The first parameter a _q of scaling of the first current command d _h with respect to the pitch angle 9 _m measured is determined arbitrarily or deterministically using a predetermined algorithm so that the first current command d _h and the measured pitch angle 9 _m have the same order of magnitude.

The order of the time derivative n _q of the observed pitch angle 9 _m used in the first Ultra Local Model is generally a non-zero integer, preferably equal to 1 or 2, and even more preferably equal to 2.

When the order of the time derivative n _q taken equal to 1, the transfer function of the first corrector is of the first order and often of the proportional gain type.

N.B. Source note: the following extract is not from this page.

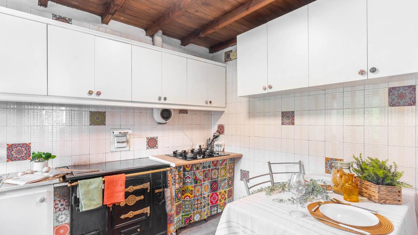En la PLANTA SUPERIOR encontramos: Dos habitaciones dobles, un baño completo, cocina equipada con su tradicional cocina de carbón y un acogedor y luminoso salón.

When the order of the time derivative n _q is equal to 2, the transfer function of the first corrector is of the second order and often of the gain-proportional or gain-derivative type, or even a PID (Proportional- Integral- Derivator).

According to FIG. 9, the second MFC SISO 164 device for modelless control at one input-one output, when it is part of the first attitude controller as for example in the second embodiment of the flight control device according to l invention is configured to regulate the roll angle f using a second D5 control antisymmetric deflection of the left and right flaps, applied with different signs on said left and right flaps in addition to a possible first command d _h of symmetrical deflection applied with the same sign on said left and right flaps, the effects of a second D5 anti-asymmetric deflection control applied alone with different signs on the left and right flaps being illustrated in Figure 10 with the orientations of the deflection angles of the left and right flaps corresponding to a roll tilt f to the right.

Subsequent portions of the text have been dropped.